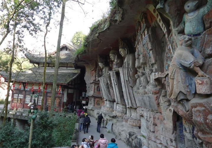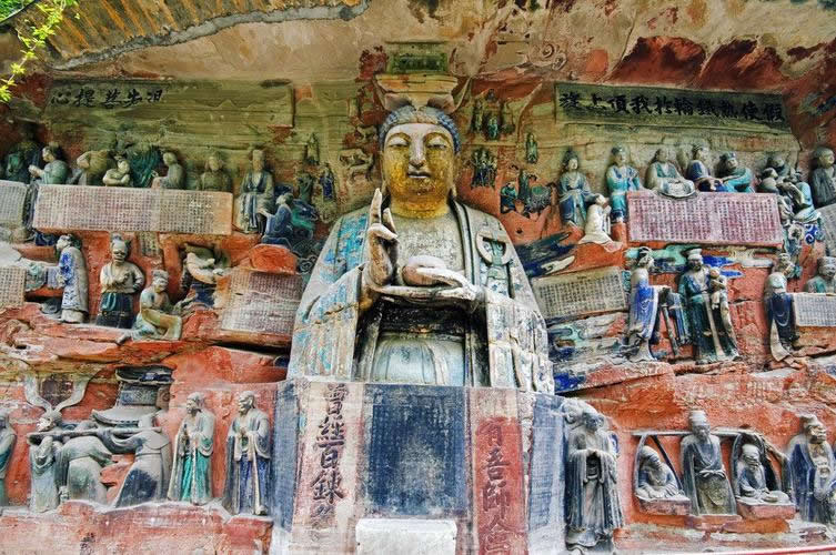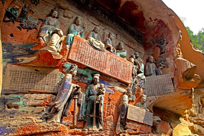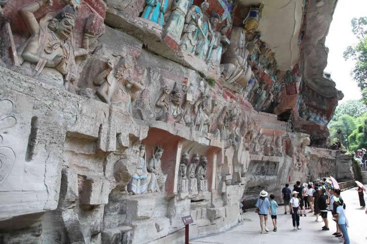 重慶市的大足石刻以其規(guī)模宏大、雕刻精美、題材多樣、內(nèi)涵豐富和保存完整而著稱于世。它集中國(guó)佛教、道教、儒家“三教”造像藝術(shù)的精華,以鮮明的民族化和生活化特色,成為中國(guó)石窟藝術(shù)中一顆璀璨的明珠。它以大量的實(shí)物形象和文字史料,從不同側(cè)面展示了九世紀(jì)末至十三世紀(jì)中葉中國(guó)石刻藝術(shù)的風(fēng)格和民間宗教信仰的發(fā)展變化,對(duì)中國(guó)石刻藝術(shù)的創(chuàng)新與發(fā)展做出了重要貢獻(xiàn),具有前代石窟不可替代的歷史、藝術(shù)和科學(xué)價(jià)值。許多歐洲人、尤其是法國(guó)人,對(duì)大足石刻寵愛倍加。
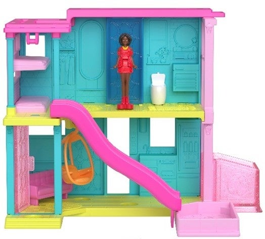 ミニバービーランドシリーズのハウスとマイクロドール、ペットのセット!ハウスにはミニバービーランドシリーズのドールを固定できるハート型のくぼみや滑り台、可動式のエレベーターやドア、ベッドなどギミックが沢山!付属のペットは開封するまで何が入っているかわからないサプライズ仕様。
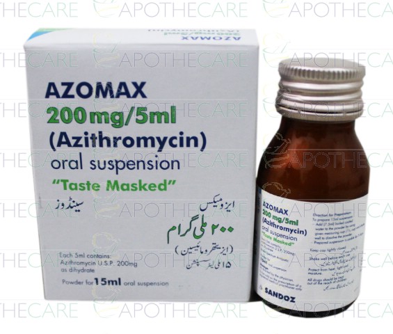 Product Name: Azomax Susp 200mg/5ml 15mlProduct Form: SuspensionPack Size: 15mlMarketed By: NOVARTIS PHARMA PAKISTAN LTDGeneric Category: Macrolide Anti-BacterialIngredients: Azithromycin
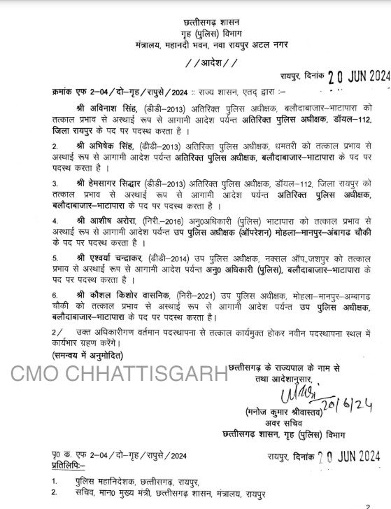 20/06/2024 Transfer: एडिशनल एसपी और डीएसपी रैंक के अफसरों का तबादला, आदेश जारी Admin September 26, 2022 राज्य सरकार ने एडिशनल एसपी और डीएसपी रैंक के तकरीबन आधा दर्जन अफसरों का तबादला आदेश जारी किया है। देखिए सूची Related News: मानसून देगा गर्मी से जल्द राहत, समय से पहले बरसेंगे बदरा, जानिए किस राज्य में कब होगी बारिश नक्सल हमले के बाद CM भूपेश ने रद्द किया कर्नाटक चुनावी दौरा, जवानों को श्रद्धांजलि देने जाएंगे दंतेवाड़ा Big Breaking: नंदकुमार साय कांग्रेस में हुए शामिल, CM भूपेश और मोहन मरकाम ने दिलाई सदस्यता
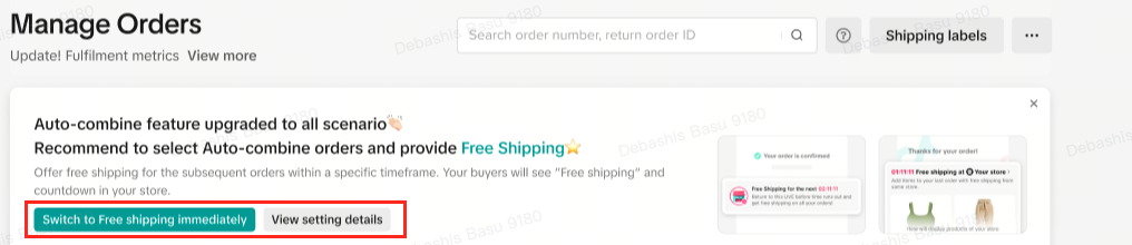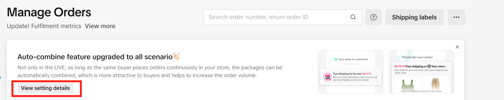 选择直播自动合并且提供包邮的商家 – 将自动开通自动合并全渠道订单功能,同时提供包邮。订单管理页面会显示相关横幅提示。
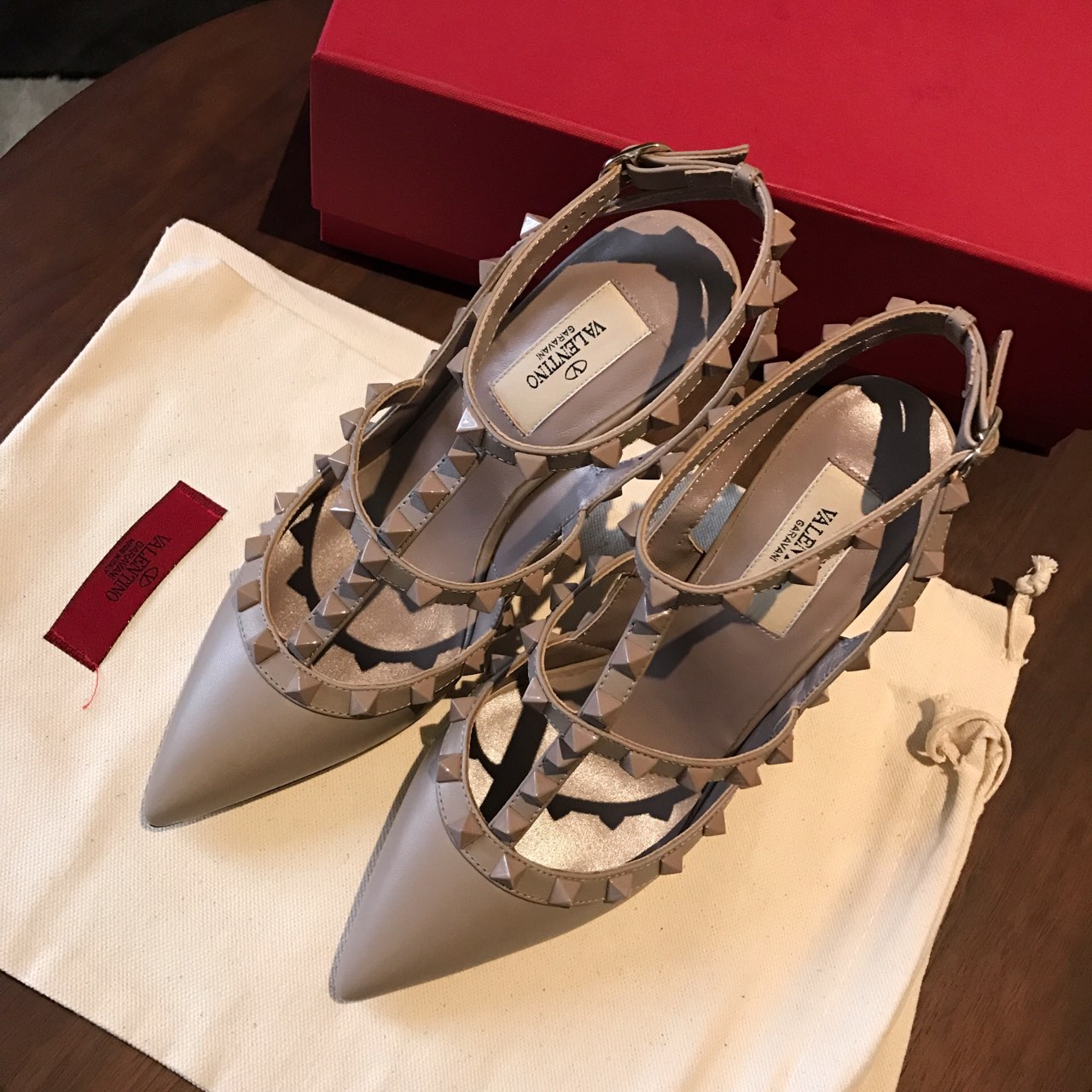 这款鞋子是AAAAA 1:1 质量 (非常棒). 使用了和原版一模一样的材料. 商标部分也保持了和华伦天奴/Valentino一样. 图片拍摄是实物鞋子拍摄, 您所收到的实物保证和我们图片一模一样.
■ ■ ■ ■ ■
## Exercise instructions
Copy out the entries exactly as they stand, omitting the images.

## Answer space
 重慶市的大足石刻以其規(guī)模宏大、雕刻精美、題材多樣、內(nèi)涵豐富和保存完整而著稱于世。它集中國(guó)佛教、道教、儒家“三教”造像藝術(shù)的精華,以鮮明的民族化和生活化特色,成為中國(guó)石窟藝術(shù)中一顆璀璨的明珠。它以大量的實(shí)物形象和文字史料,從不同側(cè)面展示了九世紀(jì)末至十三世紀(jì)中葉中國(guó)石刻藝術(shù)的風(fēng)格和民間宗教信仰的發(fā)展變化,對(duì)中國(guó)石刻藝術(shù)的創(chuàng)新與發(fā)展做出了重要貢獻(xiàn),具有前代石窟不可替代的歷史、藝術(shù)和科學(xué)價(jià)值。許多歐洲人、尤其是法國(guó)人,對(duì)大足石刻寵愛倍加。
 ミニバービーランドシリーズのハウスとマイクロドール、ペットのセット!ハウスにはミニバービーランドシリーズのドールを固定できるハート型のくぼみや滑り台、可動式のエレベーターやドア、ベッドなどギミックが沢山!付属のペットは開封するまで何が入っているかわからないサプライズ仕様。
 Product Name: Azomax Susp 200mg/5ml 15mlProduct Form: SuspensionPack Size: 15mlMarketed By: NOVARTIS PHARMA PAKISTAN LTDGeneric Category: Macrolide Anti-BacterialIngredients: Azithromycin
 20/06/2024 Transfer: एडिशनल एसपी और डीएसपी रैंक के अफसरों का तबादला, आदेश जारी Admin September 26, 2022 राज्य सरकार ने एडिशनल एसपी और डीएसपी रैंक के तकरीबन आधा दर्जन अफसरों का तबादला आदेश जारी किया है। देखिए सूची Related News: मानसून देगा गर्मी से जल्द राहत, समय से पहले बरसेंगे बदरा, जानिए किस राज्य में कब होगी बारिश नक्सल हमले के बाद CM भूपेश ने रद्द किया कर्नाटक चुनावी दौरा, जवानों को श्रद्धांजलि देने जाएंगे दंतेवाड़ा Big Breaking: नंदकुमार साय कांग्रेस में हुए शामिल, CM भूपेश और मोहन मरकाम ने दिलाई सदस्यता
 选择直播自动合并且提供包邮的商家 – 将自动开通自动合并全渠道订单功能,同时提供包邮。订单管理页面会显示相关横幅提示。
 这款鞋子是AAAAA 1:1 质量 (非常棒). 使用了和原版一模一样的材料. 商标部分也保持了和华伦天奴/Valentino一样. 图片拍摄是实物鞋子拍摄, 您所收到的实物保证和我们图片一模一样.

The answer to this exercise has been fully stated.